从kafka主题聚合数据并上传到新主题
Aggregate data from kafka topic and upload it in the new topic
val jsonSchema = StructType(Array(
StructField("event_type", StringType),
StructField("category", StringType),
StructField("item_id", StringType),
StructField("item_price", IntegerType),
StructField("uid", StringType),
StructField("timestamp", LongType)
))
我有一个 kafka 主题,其 json 值在上面的方案中表示。我需要从最早的时间戳到另一个 kafka 主题,按小时放置聚合数据。我知道我需要使用 window 的更新方法,但我不明白如何以正确的方式做到这一点
我假设我想像这样直播
val newData = spark
.readStream
.format("kafka")
.options(kafkaParams)
.load
.select(from_json($"value".cast("string"), jsonSchema).alias("value"))

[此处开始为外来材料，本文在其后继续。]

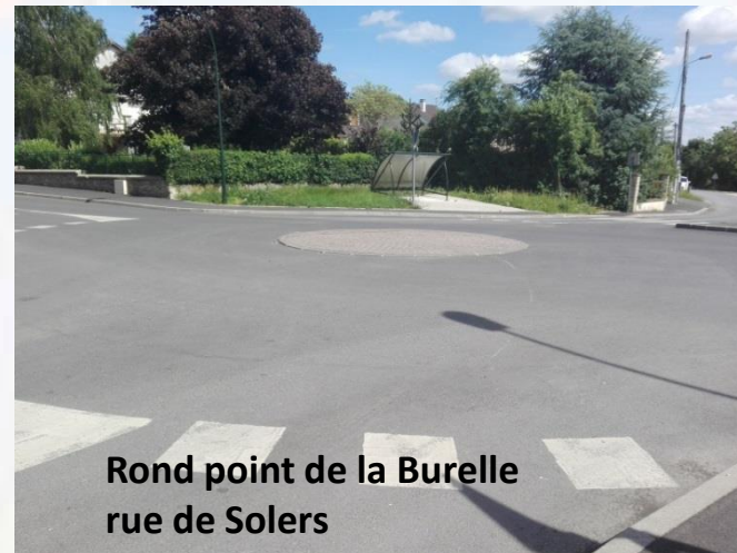
Rond point de la Burelle rue de Solers

但我真的不明白如何用 json 像这样将其转换为新值:
{"start_ts":1577865600,"end_ts":1577869200,"revenue": sum of item_price,"visitors": count of uids},
{"start_ts":1577869200,"end_ts":1577872800,"revenue":sum of item_price,"visitors":count of uids},
...
你可以这样做:
val parseddf = newData
.select('value.cast("string"))
.withColumn("value",from_json(col("value"),jsonSchema))
.select(col("value.*"))
.withColumn("timestamp", from_unixtime($"timestamp"/1000).cast(TimestampType))
val uData = parseddf
.withWatermark("timestamp", "60 minutes")
.na.fill("undefined")
.withColumn("uid", when($"uid" === "undefined", 0).otherwise(1))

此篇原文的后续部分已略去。